Ottawa cancelled B.C. event on child care amid pipeline dispute

VICTORIA – The federal government abruptly cancelled a joint announcement with British Columbia over child care funding late last week, as tensions continued to mount over the Kinder Morgan pipeline dispute.

The federal and provincial child care ministers were set to hold a press conference Friday to announce their Early Learning and Child Care Agreement, which will see Ottawa deliver $153-million over three years to the province. But on Thursday, Ottawa pulled out of the event, claiming a scheduling conflict.

The move came during the height of a dispute between Alberta, B.C., and Ottawa over the expansion of the Kinder Morgan pipeline. B.C. announced earlier this month it intends to restrict the expanded flow of oil into the province pending a review into the science of oil spills, in a move widely seen as an attempt to delay the pipeline project. Alberta responded on Feb. 6 with a ban on importing B.C. wines and an appeal to Ottawa to intervene and overrule what it called an unconstitutional threat from B.C.

B.C. and federal officials then met on Feb. 8 in Vancouver to discuss B.C.’s position. That day, Ottawa cancelled the child care press conference.

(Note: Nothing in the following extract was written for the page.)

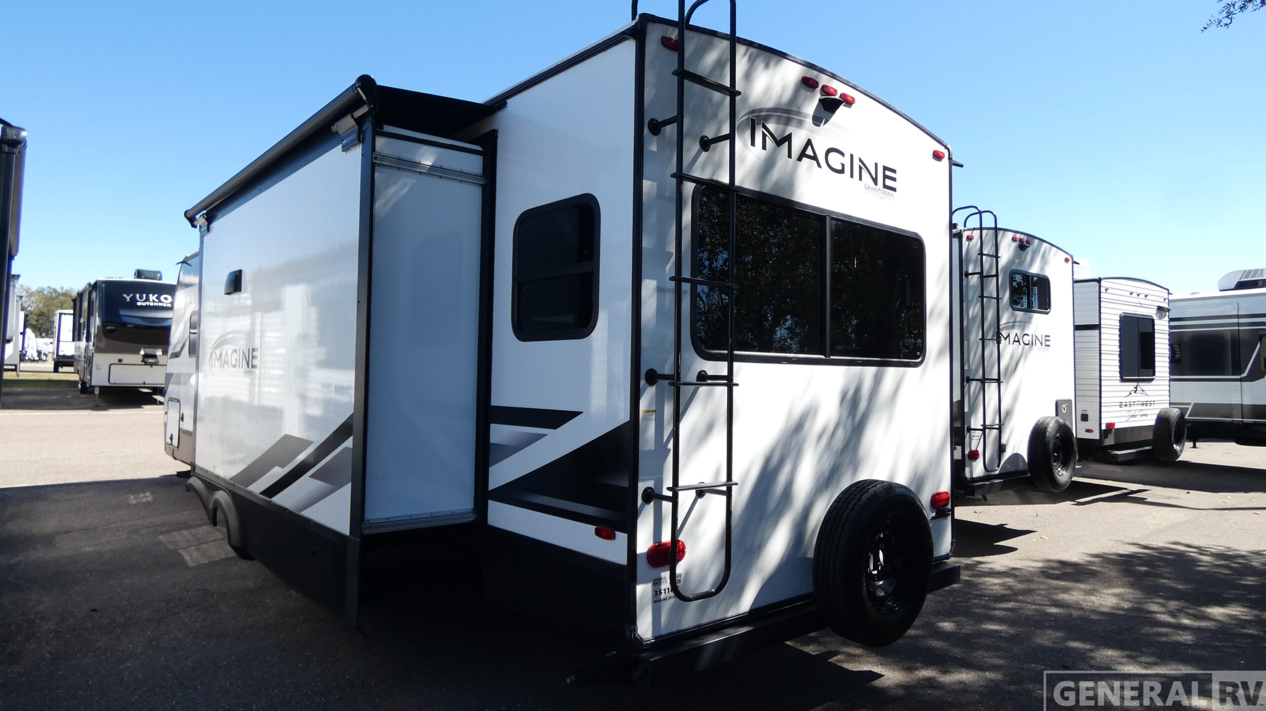 Just imagine leaving the world behind and secluding yourself away with your favorite people in your Grand Design Imagine travel trailer! The Imagine has been designed to enjoy extended season camping and includes a high-capacity furnace, a heated and enclosed underbelly with suspended tanks, a designated heat duct to the subfloor, and a high-density roof insulation with attic vent. You'll have maximum head room on the interior with 81" radius ceilings, and large panoramic windows to let in natural lighting. The exclusive drop-frame pass-through storage compartment is going to allow you to bring along lots of equipment, and the universal docking station is an all-in-one location for utilities and hook-ups. You'll also have industry-leading tank capacities so that you can fill and empty your tanks less often.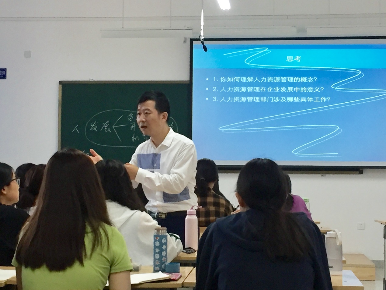 在课上,赵国军老师介绍了《人才测评》的课程性质,在教学中所使用的教材及参考书目、课程教学中推进“五个延伸”的具体做法,以及有关人力资源管理的理解等问题。该课程内容主要包括人事测评的不同体系、人事测评的主要方法两大部分内容。其既包括理论知识讲授,也包括知识应用与实践。在教学中,赵老师积极引导学生参与课堂,启发学生思考。课堂氛围活跃,同学们围绕思考问题,积极讨论、踊跃回答问题,较好地完成了开学第一课的教学任务。

Announcing the provincial money would have been a boost for British Columbia, where the NDP government is struggling to afford the $10-a-day child care plan promised during the May 2017 election. The government has said it will need help from Ottawa to fund the plan. A joint press conference on the eve of the Feb. 20 provincial budget, in which details of B.C.’s child care program will be revealed, could have been a visible show of support for B.C.’s ambitions.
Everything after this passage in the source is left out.